Language Influences Public Attitudes toward Gender Equality

People speaking genderless languages, (i.e. languages without references to objects as male or female), may exhibit more egalitarian views about women's roles in politics and society.


In many nations, women are underrepresented in decision-making positions in politics and beyond. Prior research suggests that patriarchal beliefs may promote and maintain this and other gender gaps but does not fully account for how such attitudes originate and persist.

Cognitive psychologists, suggesting one potential factor, have shown that language reliably affects human thinking. If language informs how people think, then variations in the use of gender in language, such as referring to objects as male or female, might account for parallel differences in attitudes about gender equality. (For example, in Spanish, the moon is marked as feminine by the definite article la, as in la luna.)

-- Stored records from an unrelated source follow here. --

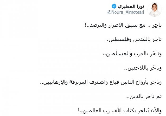 وكتبت المطيري عبر تغريدة لها على "تويتر" رصدها " المشهد العربي":"تاجِر مع سبق الإصرار والترصد، تاجَر بالقدس وفلسطين، وتاجَر بالعرب والمسلمين، وتاجًر باللاجئين".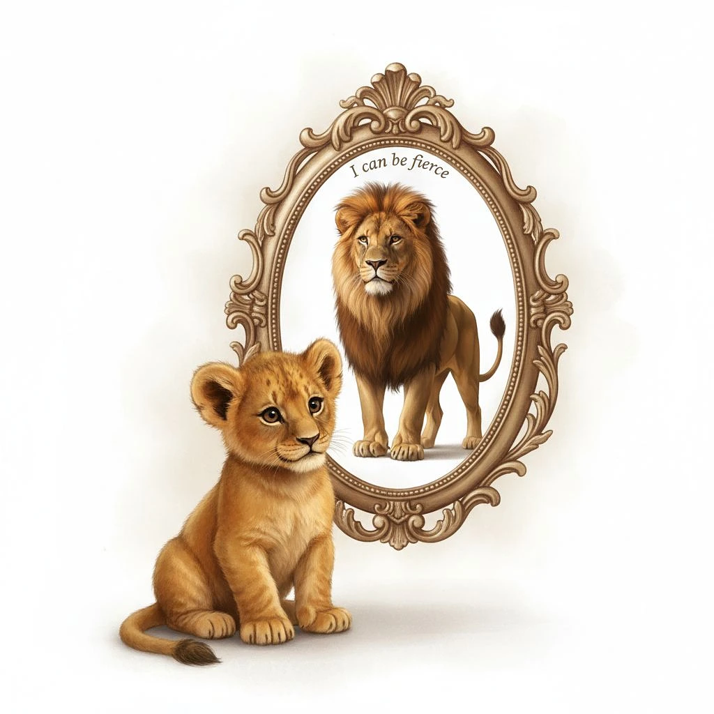 A small, adorable lion cub with soft golden fur sits in front of an elegant oval mirror. The cub gazes into the mirror with wide, curious eyes, and in the reflection, a powerful, regal adult lion with a full mane stands tall, exuding confidence and strength. The ornate mirror frame is delicately inscribed with the words: "I can be fierce. " The scene is set against a clean, pure white background, with gentle airbrushed shading that gives the image a dreamy, inspirational feel. The overall composition is uplifting and motivational, rendered at 400 pixels.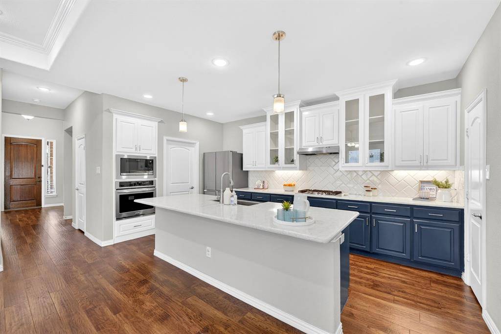 The heart of the home is the chef's kitchen, complete with quartz countertops, glass-front cabinetry, a gas cooktop, and a recently replaced microwave—perfectly flowing into the spacious living room with tray ceilings and the elegant dining area with a statement chandelier.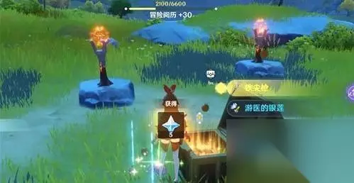 原神中翠玦坡东南、渌华池北方的9个火炬谜题,需先点燃中间连成三角形的三个火炬,注意不能逐个点亮,完成后可开启中间宝箱获取奖励。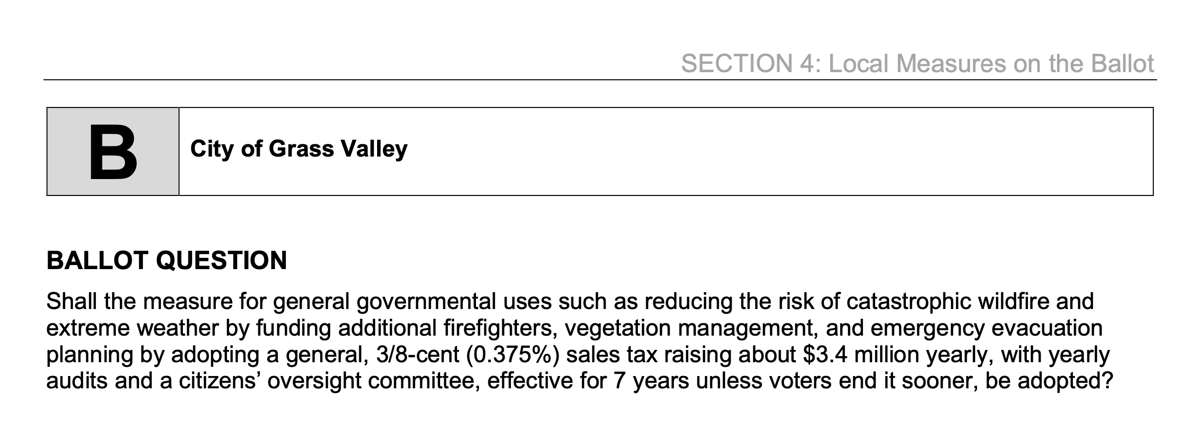 The City of Grass Valley proposes another sales tax hike to voters, Measure B, which will add 0.375% to the 1% sales tax passed in 2018 as Measure E. If passed, the sales tax in the City of Grass Valley will total 8.875%. With revenue from Measure E amounting to around $7 million a year, City leaders believe an additional tax hike is necessary to pay for a higher level of service of fire prevention and response.

In this study, the authors examined whether speakers of genderless languages held more egalitarian views about women's roles in politics and society than speakers of gendered languages. To do so, they randomly assigned bilingual Estonians to be interviewed in either Estonian, a genderless language, or Russian, a gendered language, and compared each group's responses to questions about gender stereotypes, policies advancing gender equality, and female political representation.


In the first study, interviewing in a genderless language affected participants' attitudes toward gender equality. Participants who interviewed in Estonian expressed more liberalized views toward gender equality than those who interviewed in Russian.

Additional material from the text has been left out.